If you decide to finance, how much would the monthly payment be?
If the APR is 12%, then the amount the principle is multiplied by each time for monthly payments is 1.12^(1/12).
Let I = 1.12^(1/12), P = 50,000, and N = 60.
Applying the interest/loan formula P I^N = M (I^N - 1) / (I - 1), rewritten as M = P I^N (I - 1) / (I^N - 1), we get the monthly payment = $1096.79.
Of course, if it's me, I pay the $40,000 up front. I haven't made payments on a car since 1988.
Also, doesn't "APR" always mean that the interest is compounded continuously? A 12% annual rate, compounded monthly, has an APR of about 12.6825%.
Quote: Ace2If you decide to finance, how much would the monthly payment be?
link to original post
If the interest is 12% per year, then it's 1% per month, so it's .001% per 1/1000th month, etc.
As a comparison if 12% were applied each year and you never paid anything back, then on $40k after 5 years I get it you owe $70,493.67 (1.12^5*40k). Whereas the 1/1000th method gives it at 72,884.53.
APR means annual percentage rate. The compounding interval is another variable. A normal car/house loan is paid back monthly and also compounded monthly. So for a 12% APR, 12% / 12 months per year = 1% of interest is added to the outstanding balance every month. This would be an APY (annual percentage yield) of 1.01^12 - 1 =~ 12.68%. Compounded daily would be an APY of (1 + .12/365)^365 - 1 =~ 12.75%. For this problem, interest is compounded CONTINUOUSLY.Quote: ThatDonGuy
If the APR is 12%, then the amount the principle is multiplied by each time for monthly payments is 1.12^(1/12).
Let I = 1.12^(1/12), P = 50,000, and N = 60.
Applying the interest/loan formula P I^N = M (I^N - 1) / (I - 1), rewritten as M = P I^N (I - 1) / (I^N - 1), we get the monthly payment = $1096.79.
Of course, if it's me, I pay the $40,000 up front. I haven't made payments on a car since 1988.

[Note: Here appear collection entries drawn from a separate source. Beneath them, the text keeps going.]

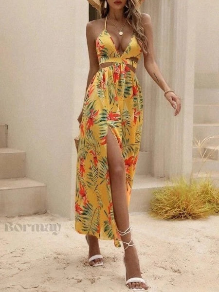 Eileen Jurk met print, open achterkant, vlinderdas en split bij de halslijn
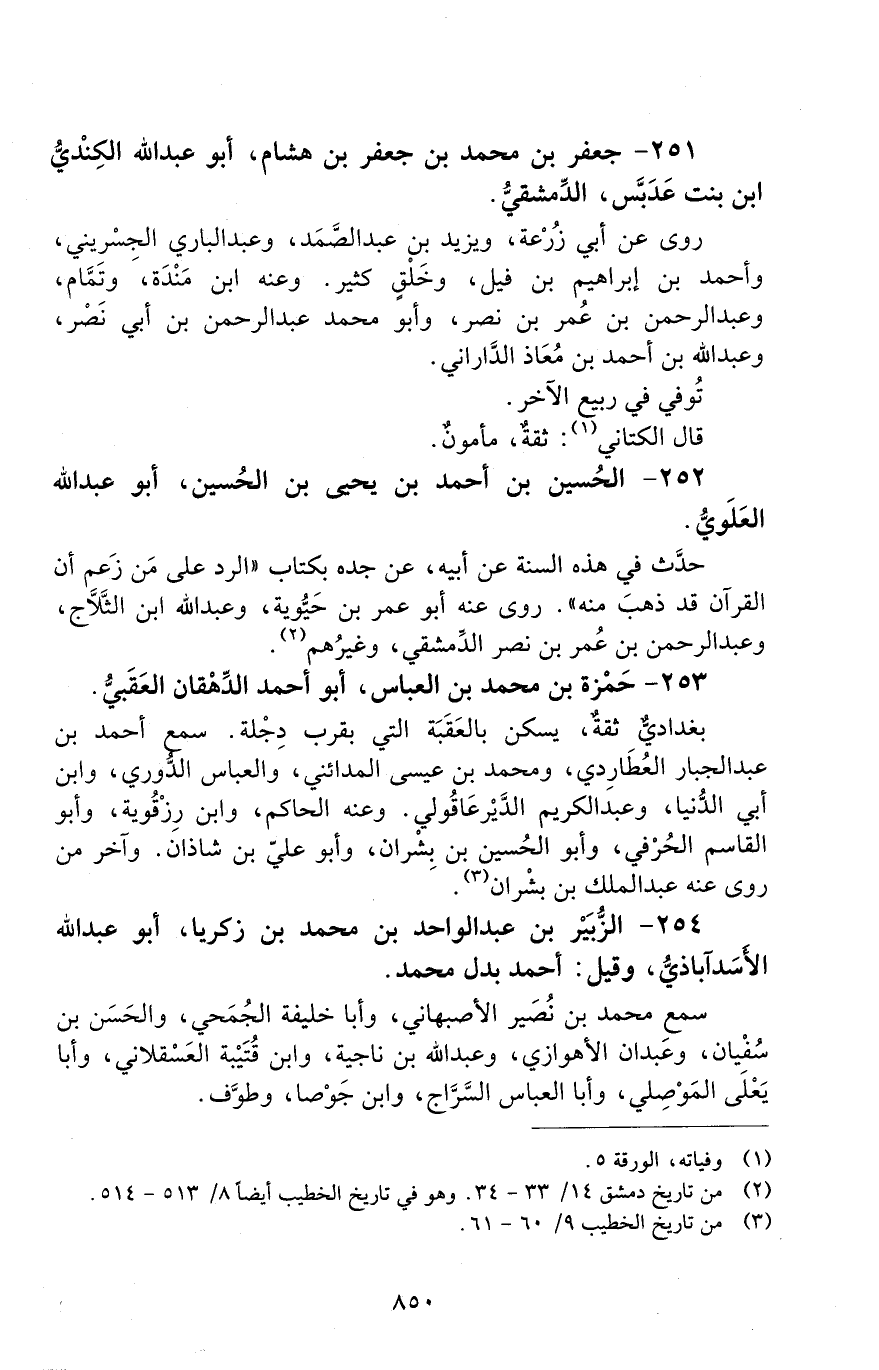 254 - الزُّبَيْر بْن عَبْد الواحد بْن مُحَمَّد بْن زكريّا، أبو عبد الله الأسَدَاباذيّ؛ وقيل: أَحْمَد بدل محمد. [المتوفى: 347 هـ]
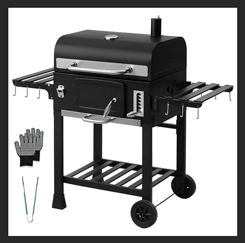 Barbecue Grill charbon de bois noir - Fumoir avec récupérateur de cendres. aérateurs. bac charbon ajustable et tablettes rabattables
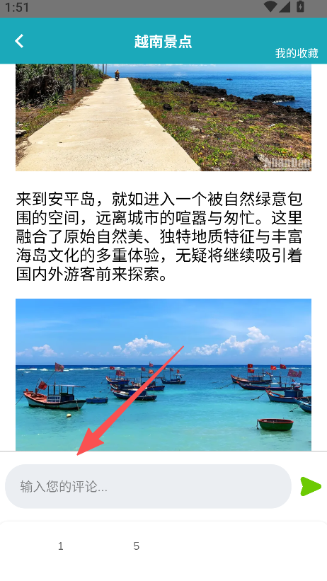 1、打开软件,选择越南景点(如安平岛),进入详情页查看景点介绍。
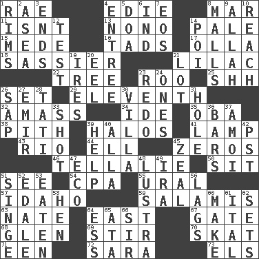 ACROSS 1. Actress Charlotte 4. Singer Brickell 8. Impair 11. Is not 13. Words to Nanette 14. Light colored 15. Ancient Persian 16. Bits 17. Rounded earthenware pot or jar 18. More disrespectful 21. Pale purple color 22. Relationship diagram 23. Friend of Pooh 25. Quiet! 26. Put into a specified state 29. Veterans Day date 32. Collect or gather 34. Binary compound 35. Chief or king in Benin or Nigeria 38. Essential or central part 39. Auras 41. Desk light 43. River (Sp.) 44. Pipe bend 45. Nothings 46. Copy Pinocchio 50. Be seated 51. Perceive with the eye 54. Accounting whiz (abbr.) 55. Mountain range 57. Potato state 59. Deli grouping 63. Nathan's nickname 64. Compass direction 67. Yard entry 68. Small, secluded valley 69. Use a swizzle stick 70. Three-handed card game 71. Car or cant ending 72. "Two Mules for Sister ____" 73. Raised railways DOWN 1. Basketball hoops 2. Toward the sea 3. Conclusions 4. Main course 5. ___ good deed 6. Working for oneself (abbr.) 7. Greek goddess of the dawn 8. Promenades 9. Assad's deity 10. Arrive at 12. Trial 14. Luau course 19. Angers 20. Snakelike fish 21. Car dealer's back yard 23. Redecorate 24. Washington bills 26. Plant excrement 27. Arab leader 28. Jacques of French films 30. Country estate 31. Opening into or through something 33. Went for two points 36. Long, evenly shaped pieces 37. Mine, in Marseilles 39. Aid 40. Silent film actress Nazimova 42. Pacific Standard Time (abbr.) 45. Ardor 47. Environmental prefix 48. A period of five years 49. Lyricist Gershwin 51. Burn superficially 52. Peak District village in England 53. Eroded 56. Fails to keep up a pace 58. Layer 60. Create 61. Slanted text style (abbr.) 62. Arranges properly for use 64. Curvy letter 65. _ moment's notice (2 wds.) 66. Title for a knight

Also, doesn't "APR" always mean that the interest is compounded continuously? A 12% annual rate, compounded monthly, has an APR of about 12.6825%.
link to original post
Your answer is for an APR of (1.12^(1/12) - 1) * 12 =~ 11.39% compounded MONTHLY for an APY of 12%, applied to a $50,000 loan instead of $40,000. Disagree
A few dollars off. DisagreeQuote: WizardQuote: Ace2If you decide to finance, how much would the monthly payment be?
link to original post$905.01
link to original post
You have the right idea and are within a penny of the answer. I verified my answer by compounding one million times per month in excelQuote: charliepatrickUsing a spreadsheet I get about $890.99. This was using the assumption where you're initially charged 40c on $40,000 for the first 1/1000th of a month, and similar logic thereafter.
If the interest is 12% per year, then it's 1% per month, so it's .001% per 1/1000th month, etc.
As a comparison if 12% were applied each year and you never paid anything back, then on $40k after 5 years I get it you owe $70,493.67 (1.12^5*40k). Whereas the 1/1000th method gives it at 72,884.53.
link to original post
For full credit, you must give an exact expression of the answer. It cannot be answered exactly to two decimal places.
History and Hint: The mathematical constant e was discovered by Bernoulli in 1683 while studying compound interest
Agree. 🍺Quote: ThatDonGuyQuote: Ace2Now for a truly easy math puzzle.
You take a 100 foot board, make one random cut and keep the shorter piece. Then you take another 100 foot board, make two random cuts and keep the shortest piece. Then you take another 100 foot board, make three random cuts and keep the shortest piece. This pattern continues forever.
What's the expected length of all the shortest pieces combined?
link to original post
The expected length of cutting a 100-foot board into N pieces is 100 / N^2, so the sum is 100 / 2^2 + 100 / 3^2 + 100 / 4^2 + ...
= 100 (1 / 2^2 + 1 / 3^2 + 1 / 4^2 + ...)
= 100 ((1 + 1 / 2^2 + 1 / 3^2 + 1 / 4^2 + ...) - 1)
= 100 (PI^2 / 6 - 1)
= 50 PI^2 / 3 - 100, or about 64.4934.
link to original post
I’m still amazed that the solution to this problem uses pi.